If you need to have infusion (having your meds dripped intravenously)  treatments to deal with cancer,  you’ll  learn about infusion reactions. Don’t go to a Happy Place in your mind. Listen up.

Infusion reactions can include: dizziness, weakness, nausea, itchy skin, muscle pain, sore throat, chills, fever and lots more.   My reaction of choice starts with severe chills that suddenly start from inside my body and vibrate outwards, accompanied by muscle contractions that make my teeth chatter, making it pretty impossible to speak. Then my arms and legs retract like lizard claws. Ed Wood Jr’s classic horror movies come to mind, because my cheesey alien re-enactment instantly terrifies whichever family member or friend is hanging out with me at the infusion center that day. It works every time and probably gives them bad dreams or scary thoughts. Sorry, pals. I didn’t mean to freak you out.
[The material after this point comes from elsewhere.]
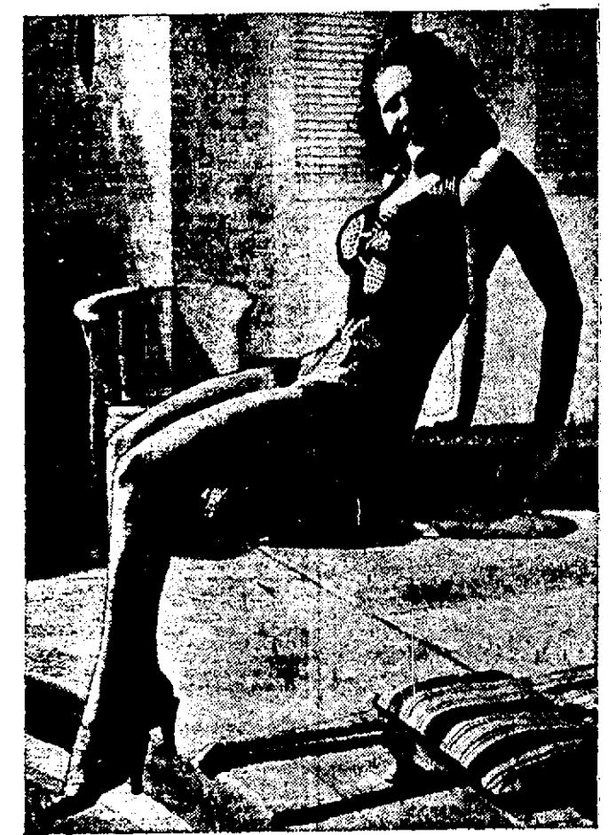
Martha Raye is the lady of song and laughter who adds her sunny disposition to the Al Jolson program heard over the Columbia network on Tuesdays at 8:30 p. m. The photographer has caught a fine sample of the Raye smile as Martha suns herself after a dip in the pool at her Hollywood home.

WIND ..... 880 WPMW-WLS #10 WMAQ ..... 880 WPMW-WLS #10 WISN ..... 880 WPMW-WLS #10 WISN ..... 880 WPMW-WLS #10 WISN ..... 880 WPMW-WLS #10 WISN ..... 880 WPMW-WLS #10 WISN ..... 880 WPMW-WLS #10 WISN ..... 880 WPMW-WLS #10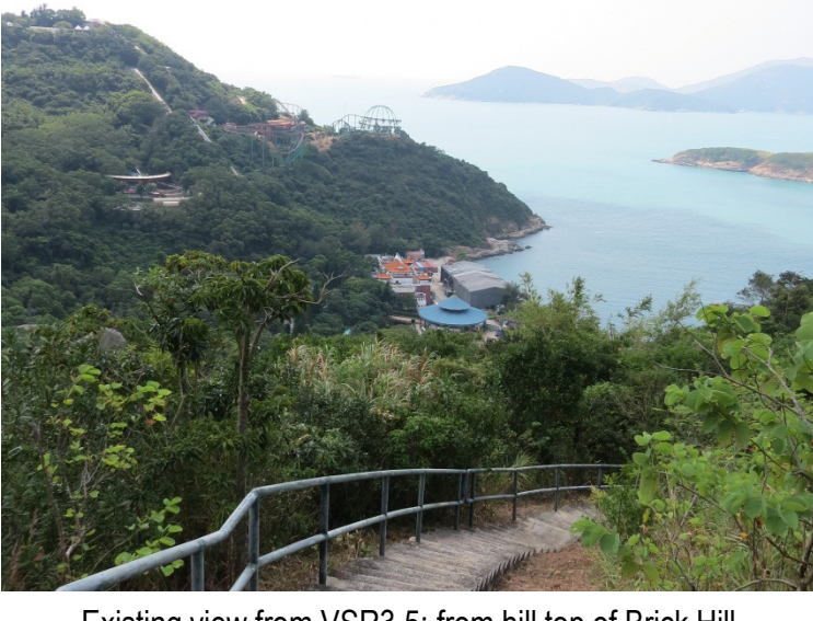
Existing view from VSR3.5: from hill top of Brick Hill

Rigors. That is what they call the shakey shakes and contracted muscles and clattery teeth . I didn’t associate this word with “rigor mortis,” but that is before I experienced them. Maybe it is because the staff at the hospital where I am being treated pronounce the word “rye’-gurs.” I didn’t realize it was the same word that I pronounce “riggers.”

The “mortis” part is not immediately relevant here because I am pretty much alive and well. It’s a different story when a vigorous bout of rigors kicks in, bringing plummeting blood pressure and painfully difficult breathing into the picture. Within a minute (for real), the medical staff appears with somber, unblinking focus AND their Rx-loaded crash-cart. A person gets the message that “mortis” might be a concern.